By Hussein Sayed, Chief Market Strategist, FXTM

The greenback is weakening for a third consecutive day in early Asian trade ahead of Wednesday’s most awaited Fed meeting. Investors are almost convinced that the Fed will move forward in tightening monetary policy, with speculators pricing in 89% chance of a rate hike according to CME’s FedWatch Tool. Friday’s robust non-farm payrolls report removed all doubts and now even skeptical investors believe that three rate hikes are the base scenario for 2017. So why is the dollar not benefiting from the shift in expectations?

I believe the answer to this questions is simply based on “buy the rumor, sell the news” adage.

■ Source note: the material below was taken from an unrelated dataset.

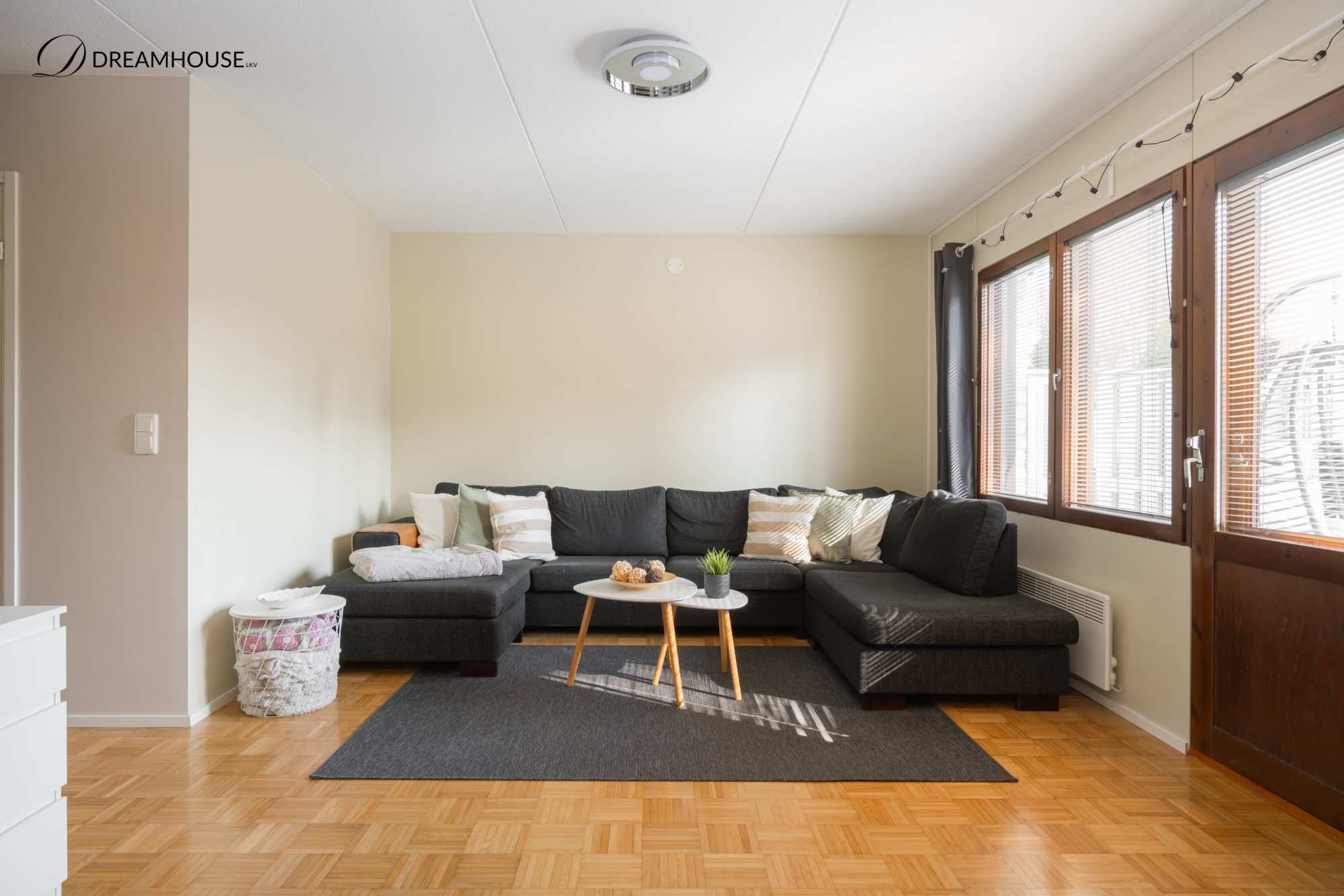 | Olohuoneen materiaalit | Lattia: Parketti Seinät: Maali |

The U.S. economy added 235,000 jobs in February and unemployment dipped to 4.7% from 4.8%, meanwhile wages were revised up 2.8% year-on-year from 2.6%. Despite wage growth not being robust enough, the continuous improvement in hiring will force wage growth to accelerate and diminish the slack in labor market.

The divergence in monetary policy and aggressive expected U.S. fiscal plans have been the key factors which sent the Dollar’s index to a 14-year high back in January. But recent reports indicated that European Central Bank policy makers have raised the possibility of increasing interest rates before the asset purchases come to an end, indicating that this divergence will not last much longer and investors might require to adjust their expectations.

I would rather focus on U.S. treasury yields for now as a break above 2.64% on 10-year treasuries might not only indicate that the dollar’s slide is temporary, but could be a sign that the three-decade bull bond market has come to an end, which will eventually increase the risk-free rate required by investors. And if U.S. corporate earnings growth can’t catch up, then we’re likely to see the beginning of U.S. equity markets correction.
In Europe, the U.K. divorce from the EU might become official as soon as Tuesday if the Brexit bill clears parliament later today. This will be the beginning of a very complicated two-year process, and much of it will be felt in the pound. Meanwhile Dutch voters are heading to the polls on Wednesday providing an indication on how strong the populist movement is in Europe ahead of upcoming polls in France and Germany.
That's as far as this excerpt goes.